63% of Haryanans live below the poverty level, according to data

Unsettling information has surfaced indicating that 63% of people in Haryana are BPL (below poverty line) holders. This number was developed by the government using Parivar Pehchan Patras, or family IDs (PPPs).

Based on statistics from the Food, Civil Supplies and Consumer Affairs Department, 44,90,017 BPL cards (families) in the state include 1,80,93,475 BPL units (persons). The PPP figures state that there are now 2.86 crore people living in Haryana, a fact that former chief minister Manohar Lal Khattar also mentioned during his recent visit to the state.

This indicates that around 63% of the state’s population is BPL. According to officials, the BPL classification is awarded after a verification of the income reported by the individuals listed on family IDs. Officials, owners of ration stores, and sociologists, however, have expressed skepticism over the veracity of the data submitted by applicants for BPL cards.
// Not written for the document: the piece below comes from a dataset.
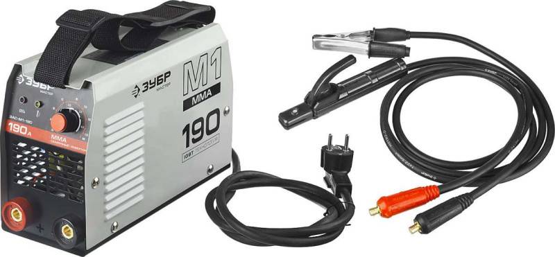 ЗУБР ЗАС-М1-190 (MMA) обладает микропроцессорным управлением, которое хорошо облегчает вес устройства, оно имеет массу 3,5 кг. Модель подходит для высотных работ. Мощность – 6,6 кВт, токовый максимум – 190 А. Несмотря на небольшие размеры, у сварочного аппарат много необходимых опций: защита от прилипания, перегревания, избыточной нагрузки, форсирование дуги, Hotstart. В комплектации идут провода с электрододержателем, зажимом на массу, ремешок для транспортировки.

Some depot employees claim to have known many wealthy, upper middle class families in nearby areas. “But they have managed to get BPL cards in order to take advantage of government schemes like free foodgrain and cheaper rations,” a depot holder claims.

Similar circumstances exist in some metropolitan areas. People have managed to fall into the BPL category even with healthy family incomes. According to another depot holder, some families have created several cards in order to ensure that the BPL category’s threshold limit is not exceeded and they continue to get benefits. The city with the most number of BPL households, according to the statistics, is Faridabad, followed by Mewat, Hisar, and Karnal. Karnal and Hisar are two of the state’s wealthiest districts.

Sociologist Prof. Jitender Prasad claims that the organizations that put together the data seem to have neglected to validate and check it. He claims that even the segmented split of this data in the towns of SC and BC won’t portray it nearly as realistically. He argues it’s conceivable that political motivations prevented the data from being checked.